Leptospires belong to the order Spirochaetales and the family Leptospiraceae. Traditionally, the organisms are
classified based on antigenic differences in the lipopolysaccharide envelopes that surround the cell wall. Serologic
detection of these differences, therefore, is based on identifying serovars within each species. Based on this system,
the genus Leptospira contains two species: the pathogenic Leptospira interrogans, with at least 218 serovars; and
the nonpathogenic, free-living, saprophytic Leptospira biflexa, which has at least 60 serovars.

Current studies that classify the organisms based on DNA relatedness identify at least 7 pathogenic species of
leptospires. However, organisms that are identical serologically may be different genetically, and organisms with the
same genetic makeup may differ serologically. Therefore, some authors feel that the traditional serologic system is
the most useful from a diagnostic and epidemiologic standpoint.

Animal reservoirs

Most leptospiral serovars have their primary reservoir in wild mammals, which continually reinfect domestic
populations. The organism affects at least 160 mammalian species and has been recovered from rats, swine, dogs,
cats, raccoons, cattle, mongooses, and bandicoots.[14, 15] The most important reservoirs are rodents, and rats are
the most common source worldwide. In the United States, important leptospiral sources include dogs, livestock,
rodents, wild animals, and cats.

Many serovars are associated with particular animals. For example, L pomona and L interrogans are seen in cattle
and pigs; L grippotyphosa is seen in cattle, sheep, goats, and voles; L ballum and L icterohaemorrhagiae are
associated with rats and mice; and L canicola is associated with dogs. Other important serotypes include
Lautumnalis, Lhebdomidis, and Laustralis. Leptospiral species' and serogroups' host animals vary from region to
region. Individual animals may carry several serovars.
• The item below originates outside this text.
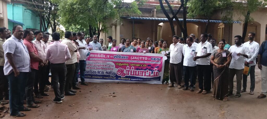 இதன் ஒரு பகுதியாக மதுரை மாவட்டம் உசிலம்பட்டி வருவாய் கோட்டாச்சியர் அலுவலகம் முன்பு தேர்தல் வாக்குறுதியான பழைய பென்சன் திட்டத்தை அமல் படுத்த வேண்டும் உள்ளிட்ட 10 அம்ச கோரிக்கைகளை வலியுறுத்தி கோரிக்கை அட்டை அணிந்து, தமிழ்நாடு ஆரம்பப்பள்ளி ஆசிரியர் கூட்டணியின் மாநில பொதுச் செயலாளர் முருகன் மற்றும் ஜாக்டோ ஜூயோ மாவட்ட நிர்வாகிகள் தலைமையில் ஜாக்டோ ஜூயோ அமைப்பினர் கண்டன ஆர்ப்பாட்டத்தில் ஈடுபட்டனர்.,

Leptospirosis in animals is often subclinical. Leptospires may persist for long periods in the renal tubules of animals
by establishing a symbiotic relationship with no evidence of disease or pathological changes in the kidney. As a
result, animals that serve as reservoirs of host-adapted serovars can shed high concentrations of the organism in
their urine without showing clinical evidence of disease.

This leptospiruria in animals often occurs for months after the initial infection. Leptospiruria also has been found to
occur in healthy immunized dogs. Leptospiruria in humans is more transient, rarely lasting more than 60 days.
Humans and nonadapted animals are incidental hosts. With rare exceptions, man represents a dead end in the
chain of infection because person-to-person spread of the disease is rare.
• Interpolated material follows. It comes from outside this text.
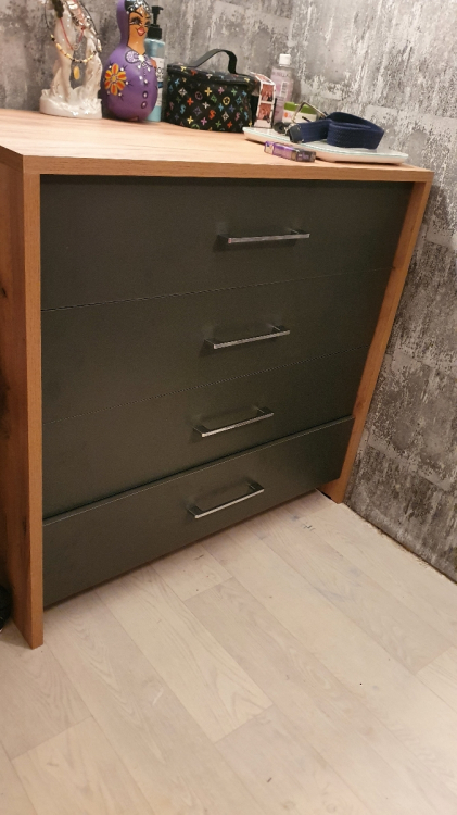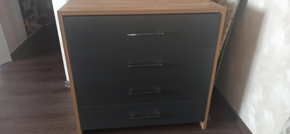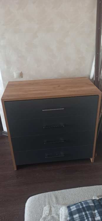 Качество лдсп не очень, кромка хрупкая. Качественные направляющие, ручки. Прост в сборе (в моем случае, даже отверстия под направляющие соответствовали действительности). В целом тысяч за 5 был бы отличный комод, а так можно поискать среди конкурентов.; Достоинства: Внешний вид, габариты, фурнитура; Недостатки: Качество материалов, фасад немного пошорканный и на одном ящике заметный скол прямо по середине.

Transmission and incubation

Urinary shedding of organisms from infected animals is the most important source of these bacterial pathogens.
Contact with the organism via infected urine or urine-contaminated media results in human infection. Such media
include contaminated water and food, as well as animal bedding, soil, mud, and aborted tissue. Under favorable
conditions, leptospires can survive in fresh water for as many as 16 days and in soil for as many as 24 days. [16]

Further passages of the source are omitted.